After attaining immortality, the Taoist patriarch Wang Chongyang received a divine decree to wander the land and guide others toward enlightenment.
One moonlit night, Wang Chongyang sat beneath a pine tree at the foot of Beimang Mountain outside Xi'an, resting with his eyes closed. In a haze, he heard singing and saw a figure in the darkness whose clothes didn't stir in the wind and whose shadow was indistinguishable from the moonlight—it was a female ghost.
The female ghost saw Wang Chongyang and knew she had encountered a true master, so she begged him to release her soul from suffering. Wang Chongyang instructed her to first descend to the mortal world, be reborn as a woman, and repay the karmic debts of five lifetimes; he added that in twenty years, a Daoist master named Ma, who would wear his hair in a triangular topknot, would come to liberate her. The deity in charge of reincarnation at the Eastern Peak Hall then led the ghost to be reborn in the Liu family of Bianliang, where she was named Liu Qianjiao.
Twenty years later, Liu Qianjiao had blossomed into a graceful young woman, skilled in music, dance, poetry, and calligraphy—a celebrated courtesan of Bianliang. On the Double Ninth Festival, the local officials held a grand feast and summoned her to entertain them.

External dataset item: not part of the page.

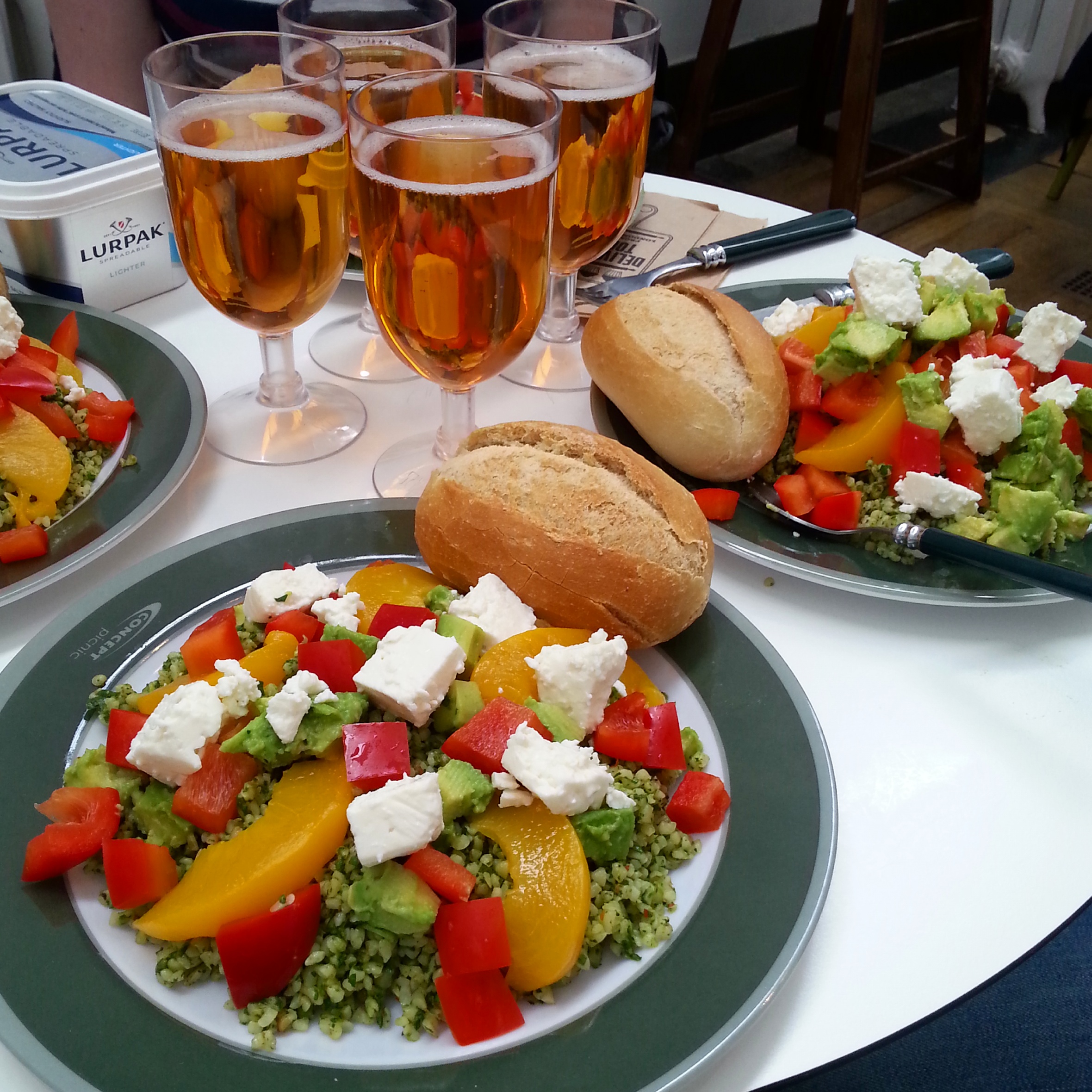 Steph and Matt cooked again today and prepared a lovely colourful salad for us. They have an awesome picnic set so we took everything to the indoor picnic area (what a great idea!) at the Science Museum and got all our plates and glasses out and had a very civilised picnic! It was great! The salad lived up to expectations too – I mean how can a salad that colourful possibly disappoint? Afterwards we took Owen to see some of the planes and decided we’ll definitely bring him back in a few years when he’s a bit older and can appreciate it a bit more.

Liu Qianjiao, after dressing up meticulously, headed toward the government office. In a narrow alley, she lost her way and spotted a Taoist priest in a patched robe with a topknot of three buns approaching. She stepped forward to ask for directions. The priest looked at her and chuckled, "I've just run into an old friend who returned from the dead after 20 years." Liu Qianjiao was baffled and replied, "I'm only 21—how could I be your old friend from 20 years ago?"

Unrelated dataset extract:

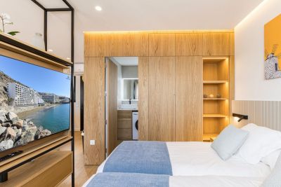 Disfruten en Mar de Luz, Arguineguin: apartamento con 2 camas dobles, vistas al mar, aire acondicionado, piscina y parking privado. Relájate en Gran Canaria.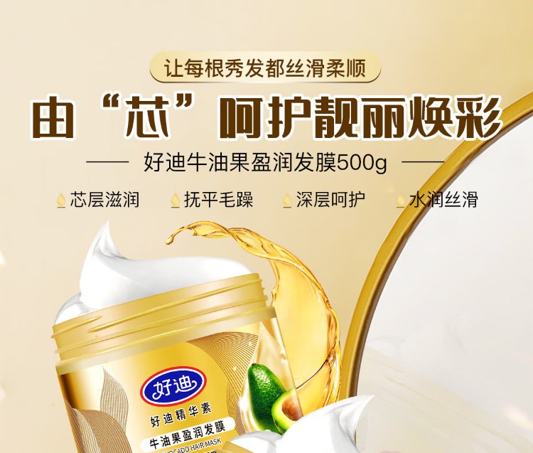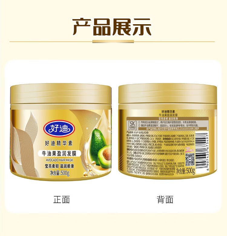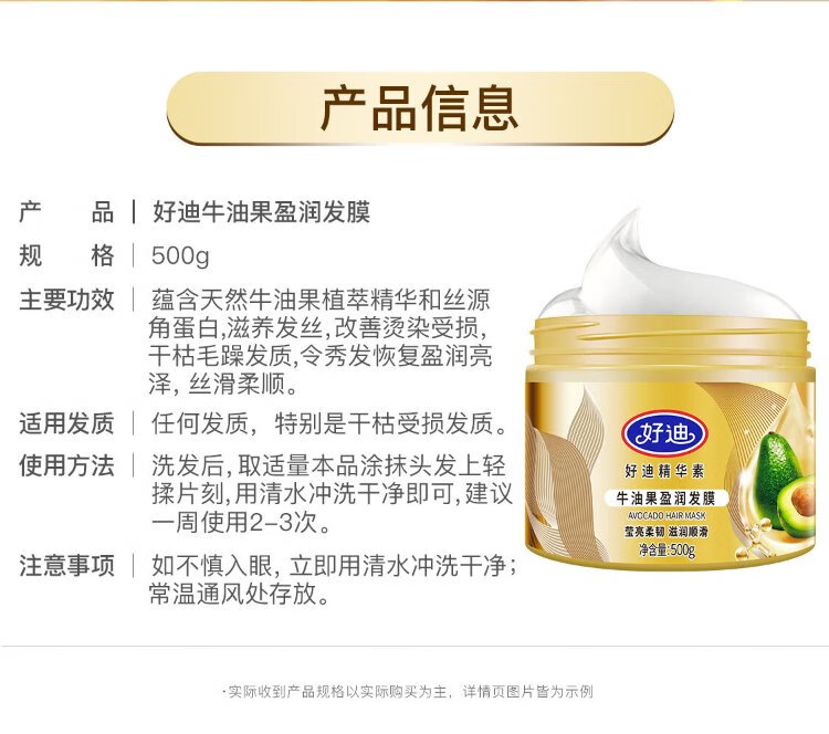 Haodi Avocado Hair Mask Repairs Dryness, Improves Frizz, Perm and Dye Damage, Smooth and Shiny Conditioner 500g

It turned out this Taoist was Ma Danyang, a disciple of Wang Chongyang, sent to the mortal world to find the female ghost from twenty years ago. He urged Liu Qianjiao to leave the mundane realm and return to the righteous path. But Liu Qianjiao, remembering nothing of her past life, thought the Taoist was simply mad. Badgered beyond endurance, she said to Ma Danyang, "I am in the prime of my youth, with a willowy waist and a begonia's bloom. I wear gold and silver, nestle in silk and rouge—how comfortable I am! What benefit would I gain by becoming a nun?" She begged him to let her go and not delay her official duties.
Ma Danyang, seeing her stubborn refusal to change, stamped his feet in frustration: "This unyielding Sister Liu, trying to guide you is like sifting gold from sand, striking fire from stone, or fishing the moon from water—impossible!"

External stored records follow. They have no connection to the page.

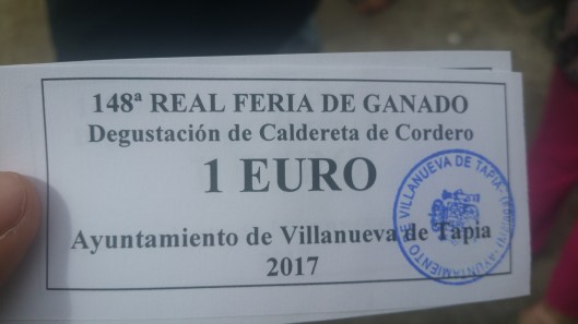Iedereen stond in de rij. Dus wij dachten dat willen wij ook meemaken. Na een uur in de rij te hebben gestaan kwamen we bij een punt aan waar we een bonnetje moesten kopen voor de maaltijd, voor slechts voor €1 kon je een bakje krijgen met vlees en stokbrood. De biertap die ernaast stond was kapot gegaan. (Zou dat de reden zijn dat Spanjaarden zelf vaak graag uit een flesje drinken?) We gingen toch maar even googelen wat het allemaal betekende wat er op het bonnetje stond. Oh jee een stoofpotje van lamsvlees. Laten we allebei nu niet van lamsvlees houden, haha. Maar we stonden nu zolang in de rij dat we het maar gewoon moesten proberen. Het was een gekakel van jewelste in die rij, iedereen nam de laatste nieuwtjes door. Wel heel grappig, je merkt dat je als Hollander best lang bent vergeleken bij al die kleine Spanjaarden, we keken over iedereen heen.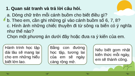 a. Dòng chữ trên mỗi cánh buồm cho biết điều gì?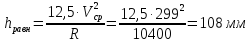 h – возвышение наружного рельса, мм;

At that time, Liu Qianjiao was deeply in love with a wealthy man named Lin, who already had a wife and children, and she planned to marry him as his concubine. Ma Danyang, knowing Liu Qianjiao was too attached to worldly pleasures and her heart was too entangled in mortal desires, pursued her to her home to enlighten her. He asked, "Where is your twenty years of spiritual devotion?" Liu Qianjiao retorted sharply, "You reject the bonds of ruler and subject, father and son, and abandon ancestral traditions—people like you should become monks! I would rather marry Lin." Ignoring Ma Danyang's persistence, she dozed off on the side.
Ma Danyang noticed her dozing off and devised a plan. Using his powers, he summoned the reincarnated Dongyue Judgment Deity, who sent a dream to Liu Qianjiao revealing the full story of her reincarnation twenty years prior, urging her to follow Master Ma and turn back. Liu Qianjiao finally began to awaken and agreed to leave the mundane world with Ma Danyang to cultivate the Dao. Yet, still attached to human life, she hesitated the moment she saw Squire Lin, unable to let go of her beloved. Seeing Ma Danyang's relentless pursuit, Squire Lin grabbed hold of him and threatened to take him to the authorities.
Ma Danyang, unable to escape, had no choice but to use his magic again, summoning Squire Lin's wife and children to cause a commotion. When Lin's wife discovered her husband had secretly taken a concubine, she flew into a rage, grabbing him and threatening to drag him to the authorities. Squire Lin, panicked and utterly bewildered, was at a complete loss.
The commotion fully awakened Liu Qianjiao, and she remembered events from twenty years ago. Ma Danyang then recounted Liu Qianjiao's past life to the crowd, and everyone suddenly understood. Breaking free from Squire Lin's attempts to stop her, Liu Qianjiao shed her red dress, donned plain clothes, renounced worldly attachments, and followed Ma Danyang to receive the secret of immortality before departing to meet the immortals.
The idiom "fishing the moon from water" refers to scooping the moon from the water. It later describes empty illusions and wasted effort in attempting the impossible.
Source: Yang Jingxian (Yuan Dynasty), *Liu Xing Shou*
Meaning of the Idiom: Later, the Chinese idiom "水中捞月" came to describe empty illusions and wasted effort in attempting the impossible.